Dr. George W. Acker, in 1928, bought a deed of trust from a Port Gibson bank, which had been executed in its favor by the appellees, Lillie M. and M.J. Spencer, and which conveyed land that actually lay in one district of Claiborne county, but had formerly been located in another district of said county, and owing to the change in the boundary of the district, it fell into another district. Apparently, without noting the change in the boundary, this land was assessed for local taxes in the original district where it formerly lay.
After his purchase of the deed of trust from the bank, in 1928, Dr. Acker paid the taxes for that year upon this land, and afterwards filed with the auditor and attorney-general a claim for a refund of all taxes paid on said land for local district taxes from 1923 to 1928, both inclusive. The amount of this claim was audited and approved by the auditor and attorney-general under our refund statute. Dr. Acker foreclosed the mortgage or deed of trust purchased by him at a trustee's sale in *Page 688 1930, at which sale he actually bid in the land for five thousand dollars. The deed of trust called for something over ten thousand dollars, but at the time of the foreclosure there was due thereon something more than five thousand dollars, but less than six thousand dollars. Dr. Acker, at the suggestion of his attorney, had the trustee to recite the bid for the full amount on the face of the deed of trust, to-wit, ten thousand five hundred dollars.
After this land had been sold under the deed of trust, the appellees, Lillie M. and M.J. Spencer, filed a claim with the board of supervisors for a refund of taxes due them for each of said years. The board of supervisors, conceding that some one was entitled to a refund, paid the money into court and had the parties impleaded as to who was entitled to it.
On the hearing, the circuit judge decided that Dr. Acker was entitled to the taxes for 1928 alone, and that the appellees were entitled to a refund for the other years. It appeared in the hearing that for the years 1926 and 1927 the appellees had borrowed money from the bank with which to pay the taxes, giving the bank security therefor, and using the money so secured in the payment of the taxes.
We do not think that the fact that the money was borrowed from the bank cuts any figure in the right of the appellees to a refund for the years 1926 and 1927. It is true the bank had the right to pay the taxes on land secured by its deed of trust, and to foreclose in case of failure to repay the bank, but that was not done in this case. When the bank loaned the Spencers the money, taking their note and security, that money then became the property of the Spencers, and it was their property when the taxes were paid.

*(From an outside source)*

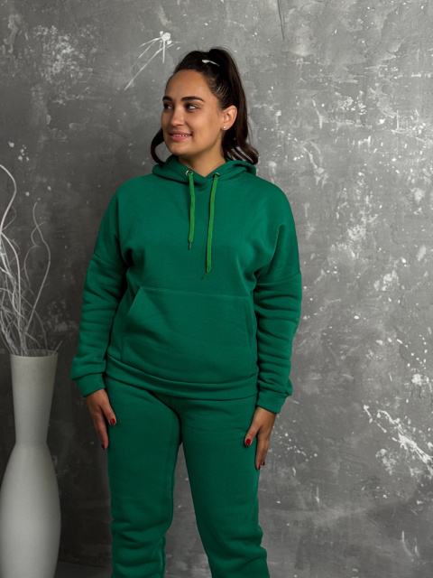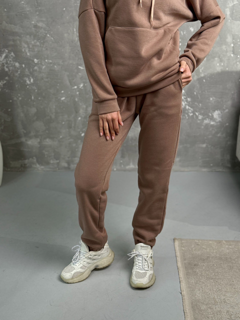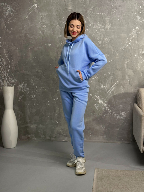 Стильний спортивний костюм оверсайз виготовлений зі щільного трикотажу тринитка. З вивороту матеріал утеплений м'яким флісом – начосом, який добре зберігає тепло під час носіння. Вироби з утепленого трикотажу приємні до тіла і не викликають дискомфорту при контакті зі шкірою. Костюм рекомендується прати в делікатному режимі за температури 30 градусів.

We think the court below was correct in deciding that the Spencers were entitled to all the taxes for all the *Page 689 years, except 1928, and that Dr. Acker was entitled to a refund of taxes for that year alone.
The appellant relies upon the case of McGehee v. Fitts,65 Miss. 357, 4 So. 93, construing section 537, Revised Code of 1880, reading, in part, as follows: "If land shall be sold for taxes when no taxes are due on it, or it is not liable to be sold for taxes, the sum paid by the purchaser for the amount of his bid, and the costs of the sale and conveyance, with six per cent. interest per annum, shall be refunded to him, or to the holder under him, by descent or purchase, immediately or mediately." The court in that case held that the right to a refund on the facts there involved went with the conveyance, as seems to be expressly provided in the latter clause just quoted.

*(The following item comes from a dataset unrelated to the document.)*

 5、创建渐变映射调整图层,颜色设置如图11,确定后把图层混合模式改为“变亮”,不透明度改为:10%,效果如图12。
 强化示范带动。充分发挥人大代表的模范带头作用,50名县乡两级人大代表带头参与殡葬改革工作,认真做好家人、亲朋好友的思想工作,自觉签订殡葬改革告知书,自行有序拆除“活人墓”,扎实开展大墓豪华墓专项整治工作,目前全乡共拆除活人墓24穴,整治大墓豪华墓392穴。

However, this statute has been changed and this clause has been eliminated. The statute, as it now exists, section 3276, Code of 1930, provides that if taxes are paid in error, the auditor, after proper proceedings, shall issue payment to be made to the proper claimant. Under this statute, there could be no rights, following from a conveyance of the land, for a refund of taxes paid which were not due or chargeable to it. A tax refund should be due to the party who paid the tax. The land was not liable to the tax, and, of course, the party paying the money is entitled to its recovery, regardless of who then owns the land.
The auditor and the attorney-general should not approve a claim for refund except to a person who has actually paid the taxes, or to those who have received a lawful assignment of the right to the refund.
The judment of the court below will be affirmed.